1
votes

I have been given a series of folders with large amounts of Word documents in .xml formatting. They each contain some VBA code, but the code on all of them has already been run, so I don't need to keep this.

I need to print all of the files in each folder, but due to constraints on XML files on the network, I can't simply mass-print them from Windows Explorer, so I need to convert them to .docx (or .doc) first.

How can I go about doing this? I tried a simple python script using python-docx:

import os
from docx import Document
folderPath=<folderpath>
fileNamesList=os.listdir(folderPath)
for xmlFileName in fileNamesList:
    currentDoc=Document(os.path.join(folderPath,xmlFileName))
    docxFileName=xmlFileName.replace('.xml','.docx')
    currentDoc.save(os.path.join(folderPath,docxFileName))
    currentDoc.close()

This gives:

docx.opc.exceptions.PackageNotFoundError: Package not found at <first file name>.xml

I'm guessing this is because python-docx isn't meant to open .xml files, but that's a pretty uneducated guess. Searching around for this error, all I can find are problems with it not being installed properly (which it is, as far as I can tell) or using .doc files instead of .docx.

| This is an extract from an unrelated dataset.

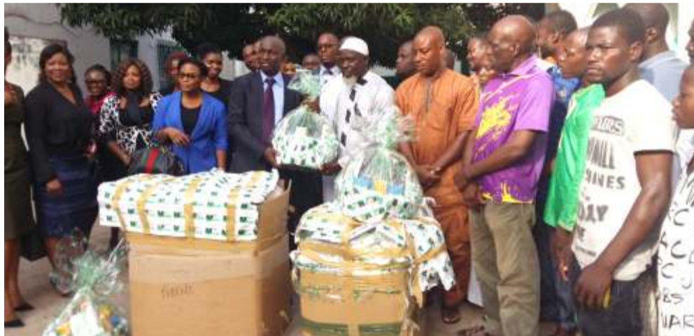
Les représentants de la BOA et ceux de la Grande Mosquée de Lomé

La Bank Of Africa(BOA) a fait un don ce lundi 6 juin 2016 à la mosquée centrale de Lomé. Ceci, dans le but d'aider les musulmans qui ont débuté le jeûne le même jour.

Am I simply using python-docx incorrectly? If not, is there are more suitable package or technique I should be using?

1
When the file is not a valid or an empty docx file, that kind of exception is thrownLudisposed

1 Answers

1
votes

It's not clear just what sort of files those .xml files are, but I suspect they are a transitional format used I think in Word 2003, which was XML-based, but not the Open Packaging Convention (OPC) format used in Word documents since Word 2007.

python-docx is not going to read those, now or ever, so you'll either need to convert them to .docx format or parse the XML directly.

If I had Windows available, I suppose I would use VBA to write a short conversion script and then work with the .docx files using python-pptx. I would start by seeing if Word could load the .xml file and go from there.

You might be able to find a utility to do a bulk conversion, but I didn't find any on a quick search.

If all you're interested in is a one-time print, and Word will load the files, then a VBA script for that without the conversion step might be a good option. python-docx doesn't print .docx files, only read and write them.